読書日記 嘉壽家堂 アネックス

読んだ本の感想を中心に、ひごろ思っていることをあれこれと綴っています。

RURIKO 林真理子 角川文庫

2011-06-12 21:50:23 | 読んだ
林真理子は「アッコちゃんの時代」以来である。

題名のRURIKOとは「浅丘ルリ子」のことである。

「伝記」なのか「小説」なのか迷うところであるが「小説」でしょう。

この物語の出だしに甘粕正彦が登場したのには驚いた。
この本の前に呼んだのが甘粕正彦の物語で、なんだか因縁めいたものを感じたのであった。
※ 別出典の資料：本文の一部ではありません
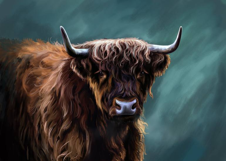 Digital painting of a beautiful horned Scottish Highland Cow. Follow me on Instagram

その甘粕正彦と浅丘ルリ子の父親が知り合いで、甘粕に「信子ちゃん(ルリ子)は将来絶対に美女になる。そうしたらぜひ女優にして下さい」と頼まれる。

そして、それが現実となる。

物語は浅丘ルリ子(本名が浅井信子で、この物語では『信子』として描かれている)が満州で生まれたところから始まる。
そして、父の仕事の都合(満州国の官僚)でタイのバンコクに移り、終戦を迎え、東京に戻り、女優となる。
というところが序章。

で、女優になってからの物語は、日活の映画史を経て昭和の芸能史のように進む。
石原裕次郎に対する報われない愛、小林旭との恋、美空ひばりとの友情は、純粋でいながらも芸能界という特殊な世界を感じさせる。

石坂浩二との結婚は、やっぱり世間が感じていたように「違う」ものだった。

この小説を読むと、信子はいろいろな男とつきあってきたが、いつでも「信子」であった、と思う。
さすが、甘粕正彦が見込んだ「女性」。まっすぐ自分を通して生きている。

面白く読んだのであるが、ちょっと、展開が早いような気がした。
もう少し突っ込んでも良かったのではないか、と思ったが、いろいろと差しさわりのあるところが多いのだろう。

過ぎ去った時代が懐かしく感じさせられ、非常に面白く読んだ。